Stored items from a collection:
═══

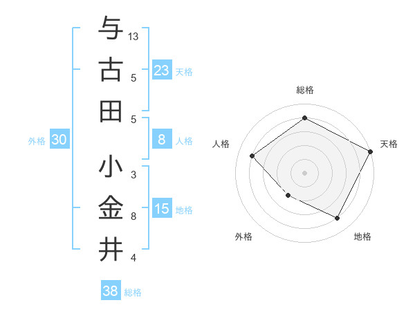 与古田 小金井さんを姓名の画数から五運を鑑定
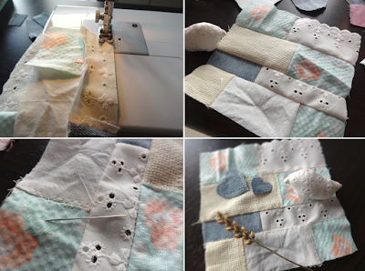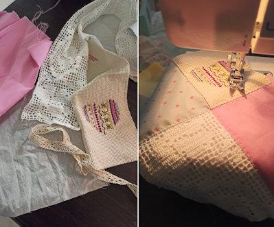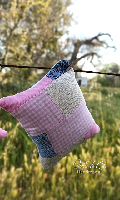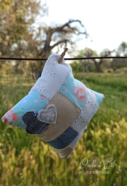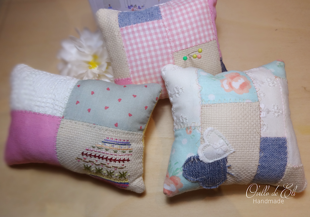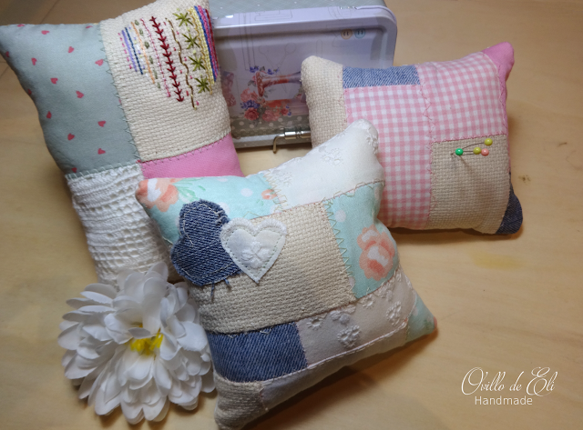 Como ven, en estos alfileteros va lo ultimo de la tela vaquera que tenia y algunos cortes de tela Aida, he descubierto que los diferentes tipos de zigzag pasados por las uniones de las costuras resaltan el trabajo
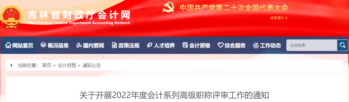 吉林省2022年高級會計職稱評審工作的通知
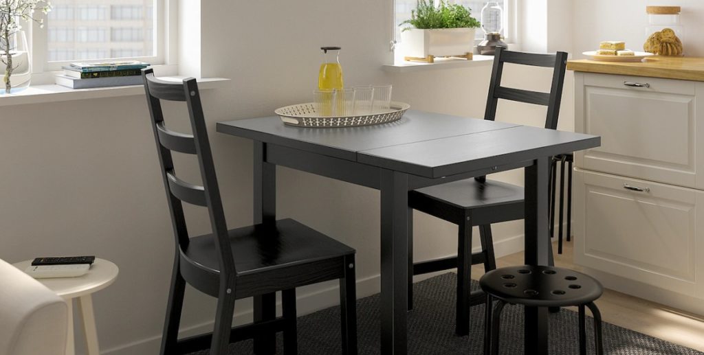 Lunch group from Ikea, designed for a family with one or two children. The set includes a square table 74 cm * 74 cm, 2 chairs. The length increases to 104 cm with the help of a folding shelf. Greatly saves space in small kitchens. The stability of the structure is given by the underframe made of solid pine. The veneer tabletop is covered with a moisture-resistant varnish. The product has passed all tests, checks and is considered safe for life and health. The furniture is not suitable for garden use. The chairs have also been tested. Convenience is provided by a rounded back that provides lumbar support. It is convenient to place the table in the corner, near the wall, and if necessary, the light table can be easily pulled out to the center of the room. Price: 14,997 rubles. Registration of delivery, assembly is possible.
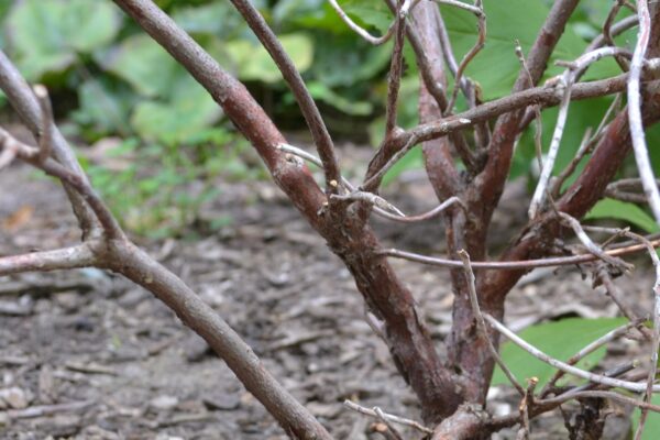 Evergreen leaves are 2-3" long and only 0.-1.5" wide, ferrugineous (i.e. resembling iron rust in appearance or color; brownish red or yellowish red) scaly beneath. Leaves aromatic when bruised. Deep red to purplish red stems.
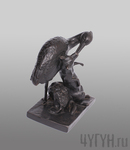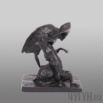 На небольшой неровной платформе изображены фигуры лисицы и журавля. Журавль стоит, наклонившись, и клюв его находится в пасти у лисицы, которая, в свою очередь, стоит на задних лапах.
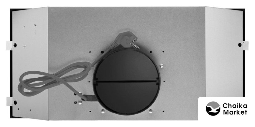 конструкция скрытая, монтаж для встраивания, ширина 59.8 см, управление механическое/кнопочное, производительность мотора 1150 м³/ч, цвет белый
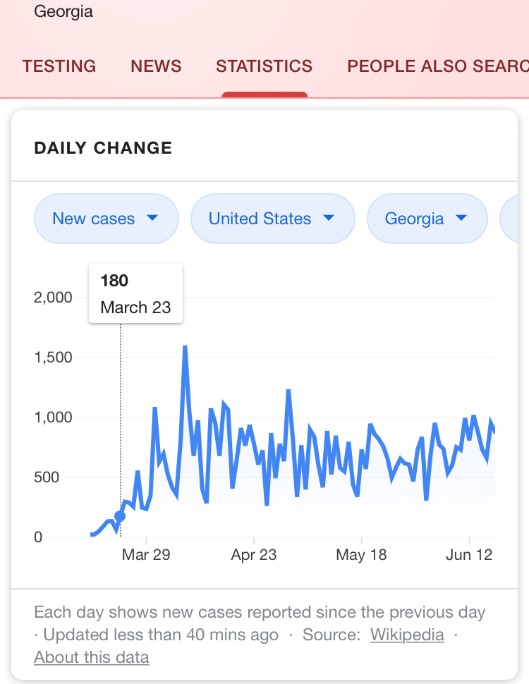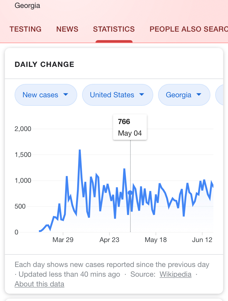 They all said Georgia was crazy for re-opening its economy when they did, but for 6 weeks, they continued to see declines in infections, even as they increased testing, which proves that there’s no correlation between lockdowns and infection rates, but rather, individual behavior and following common sense guidelines.

═══

Which lines run from the one containing "На небольшой неровной" through the last line of the entries above? Output them exactly, both ends included, with no pictures.

• WRITTEN SOLUTION
 На небольшой неровной платформе изображены фигуры лисицы и журавля. Журавль стоит, наклонившись, и клюв его находится в пасти у лисицы, которая, в свою очередь, стоит на задних лапах.
 конструкция скрытая, монтаж для встраивания, ширина 59.8 см, управление механическое/кнопочное, производительность мотора 1150 м³/ч, цвет белый
 They all said Georgia was crazy for re-opening its economy when they did, but for 6 weeks, they continued to see declines in infections, even as they increased testing, which proves that there’s no correlation between lockdowns and infection rates, but rather, individual behavior and following common sense guidelines.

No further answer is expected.